INPUT MATERIAL Block Start

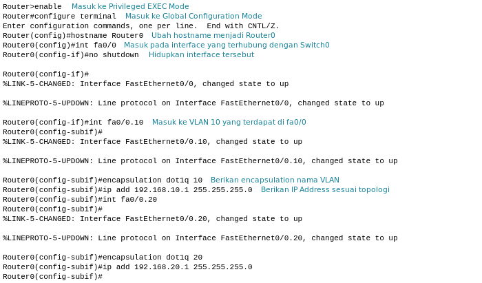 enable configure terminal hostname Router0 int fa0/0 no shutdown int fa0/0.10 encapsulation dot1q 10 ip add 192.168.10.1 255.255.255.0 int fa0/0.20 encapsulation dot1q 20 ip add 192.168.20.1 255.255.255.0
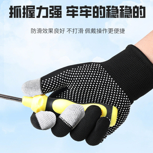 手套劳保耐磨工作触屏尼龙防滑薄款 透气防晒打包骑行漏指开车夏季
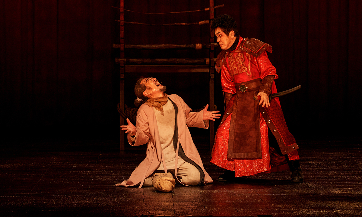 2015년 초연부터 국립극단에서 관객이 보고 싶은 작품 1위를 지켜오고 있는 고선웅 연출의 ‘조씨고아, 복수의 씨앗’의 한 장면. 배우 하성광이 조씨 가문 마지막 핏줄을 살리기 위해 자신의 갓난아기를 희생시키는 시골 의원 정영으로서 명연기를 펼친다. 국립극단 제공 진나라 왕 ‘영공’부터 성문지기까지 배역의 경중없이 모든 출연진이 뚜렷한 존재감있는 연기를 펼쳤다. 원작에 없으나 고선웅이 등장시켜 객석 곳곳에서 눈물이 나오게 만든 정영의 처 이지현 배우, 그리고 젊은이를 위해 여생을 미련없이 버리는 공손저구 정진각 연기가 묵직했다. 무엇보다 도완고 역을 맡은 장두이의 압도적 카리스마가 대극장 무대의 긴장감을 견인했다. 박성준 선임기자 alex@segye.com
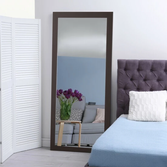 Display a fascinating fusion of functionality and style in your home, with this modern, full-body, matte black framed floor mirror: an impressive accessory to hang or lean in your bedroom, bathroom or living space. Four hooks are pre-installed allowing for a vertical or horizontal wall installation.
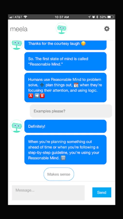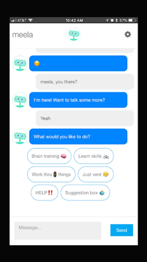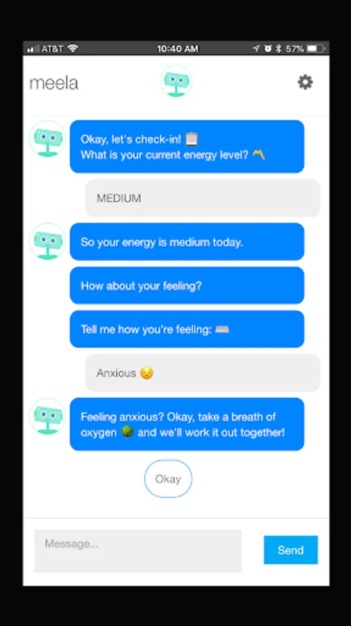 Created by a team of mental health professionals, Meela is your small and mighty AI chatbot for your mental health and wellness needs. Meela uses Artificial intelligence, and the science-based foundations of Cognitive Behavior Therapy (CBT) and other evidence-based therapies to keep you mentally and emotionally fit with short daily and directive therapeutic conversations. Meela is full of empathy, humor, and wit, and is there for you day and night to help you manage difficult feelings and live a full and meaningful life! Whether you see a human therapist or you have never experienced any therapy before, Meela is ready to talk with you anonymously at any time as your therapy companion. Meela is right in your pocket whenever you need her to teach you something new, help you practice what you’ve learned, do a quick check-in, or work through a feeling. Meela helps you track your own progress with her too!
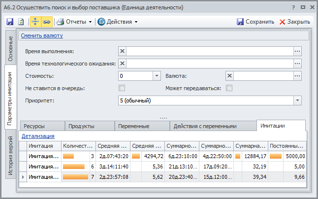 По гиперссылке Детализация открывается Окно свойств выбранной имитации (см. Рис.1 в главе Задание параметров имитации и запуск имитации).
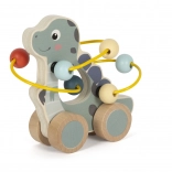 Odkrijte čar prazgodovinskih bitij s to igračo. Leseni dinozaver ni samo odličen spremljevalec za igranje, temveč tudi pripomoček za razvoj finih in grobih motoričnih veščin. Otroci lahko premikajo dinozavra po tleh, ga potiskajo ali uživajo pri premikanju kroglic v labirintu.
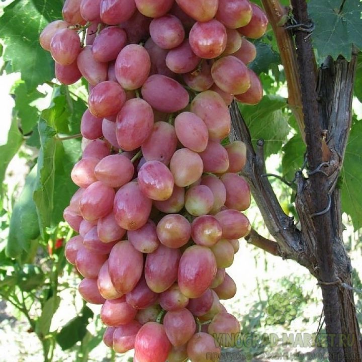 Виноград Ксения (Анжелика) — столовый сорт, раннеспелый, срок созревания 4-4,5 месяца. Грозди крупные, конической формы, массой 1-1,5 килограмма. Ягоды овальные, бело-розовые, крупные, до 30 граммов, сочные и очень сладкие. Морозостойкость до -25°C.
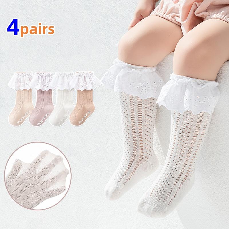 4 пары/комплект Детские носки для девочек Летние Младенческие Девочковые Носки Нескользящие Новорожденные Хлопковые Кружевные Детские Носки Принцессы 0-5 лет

INPUT MATERIAL Block End
INPUT MATERIAL Block Start

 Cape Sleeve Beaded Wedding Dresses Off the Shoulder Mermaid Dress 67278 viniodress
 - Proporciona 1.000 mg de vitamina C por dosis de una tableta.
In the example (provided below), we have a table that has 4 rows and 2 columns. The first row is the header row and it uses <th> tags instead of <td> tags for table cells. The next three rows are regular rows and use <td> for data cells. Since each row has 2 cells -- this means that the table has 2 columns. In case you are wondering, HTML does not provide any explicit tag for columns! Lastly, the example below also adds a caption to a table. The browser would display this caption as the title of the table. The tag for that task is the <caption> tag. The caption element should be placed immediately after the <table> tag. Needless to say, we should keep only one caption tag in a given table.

INPUT MATERIAL Block End
INPUT MATERIAL Block Start

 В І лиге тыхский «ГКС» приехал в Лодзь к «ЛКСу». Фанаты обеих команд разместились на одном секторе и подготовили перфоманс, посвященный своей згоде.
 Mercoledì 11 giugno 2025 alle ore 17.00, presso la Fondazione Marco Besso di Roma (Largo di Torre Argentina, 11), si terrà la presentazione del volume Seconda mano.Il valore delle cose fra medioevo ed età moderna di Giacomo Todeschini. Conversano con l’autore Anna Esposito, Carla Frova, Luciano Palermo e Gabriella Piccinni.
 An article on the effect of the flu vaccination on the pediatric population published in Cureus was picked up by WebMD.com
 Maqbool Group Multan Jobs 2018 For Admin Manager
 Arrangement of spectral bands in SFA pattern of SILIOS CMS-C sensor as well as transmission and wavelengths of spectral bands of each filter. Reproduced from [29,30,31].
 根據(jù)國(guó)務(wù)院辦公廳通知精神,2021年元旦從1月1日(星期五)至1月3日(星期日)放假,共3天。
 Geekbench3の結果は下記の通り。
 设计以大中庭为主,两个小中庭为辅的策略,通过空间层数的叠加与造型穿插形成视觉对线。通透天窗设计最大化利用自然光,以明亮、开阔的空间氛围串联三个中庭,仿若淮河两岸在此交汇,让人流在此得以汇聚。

INPUT MATERIAL Block End

▸ **EXERCISE PROMPT**
Would you copy out exactly the lines above that start at the one containing "An article on" and end at the one containing "设计以大中庭为主,两个小中庭", inclusive?

▸ **RESPONSE AREA**
 An article on the effect of the flu vaccination on the pediatric population published in Cureus was picked up by WebMD.com
 Maqbool Group Multan Jobs 2018 For Admin Manager
 Arrangement of spectral bands in SFA pattern of SILIOS CMS-C sensor as well as transmission and wavelengths of spectral bands of each filter. Reproduced from [29,30,31].
 根據(jù)國(guó)務(wù)院辦公廳通知精神,2021年元旦從1月1日(星期五)至1月3日(星期日)放假,共3天。
 Geekbench3の結果は下記の通り。
 设计以大中庭为主,两个小中庭为辅的策略,通过空间层数的叠加与造型穿插形成视觉对线。通透天窗设计最大化利用自然光,以明亮、开阔的空间氛围串联三个中庭,仿若淮河两岸在此交汇,让人流在此得以汇聚。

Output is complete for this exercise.